Symptom
N3500 reloads with "spm hap reset" or only SPM process crashes. A core file may or may not be generated.
Conditions
Following error might be seen before the crash:
%AFM-2-AFM_TCAM_UTIL_ABOVE_THRESHOLD: nat tcam utilization has gone above the threshold of 90% on ASIC id 0
which means NAT has to be configured and heavily utilized.
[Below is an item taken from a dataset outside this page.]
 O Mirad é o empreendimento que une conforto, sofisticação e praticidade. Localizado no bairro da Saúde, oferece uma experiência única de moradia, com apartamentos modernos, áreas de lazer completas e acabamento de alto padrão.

Also, the following library in SPM is constantly increasing its Current allocated memory, for example:
TYPE NAME ALLOCS BYTES
CURR MAX CURR MAX
...
116 [r-xp]/isan/plugin/1/isan/lib/libspm.so 2913705 2916326 46619280 46771792
...
116 [r-xp]/isan/plugin/1/isan/lib/libspm.so 7628055 7630322 122048880 122196488
this can be checked with "show system internal spm mem-stats detail".
Workaround
None at the moment apart from removing NAT configuration or reloading the Switch to release memory. To know at what moment to reload the Switch monitor the following command:
show system internal process memory | i spm
which should generate similar output to this:
`show system internal process memory | i spm`
3660 ? Ss 03:24:27 0 0 370684 586484 2.3 /isan/bin/spm
29971 pts/0 S+ 00:00:00 0 99 956 3012 0.0 egrep -- spm
and, the second to last column is the value of Virtual Memory used by the process. In other words, it is the total memory used currently by SPM and should it reach value of >500000 - reload the Switch. Above output was captured from a Switch which was about to crash.
Further Problem Description
Simply put: this is a day one issue triggered by the amount of translations Switch is handling. If translations are being cleared in large quantities at once, SPM will not correctly release TVL allocations.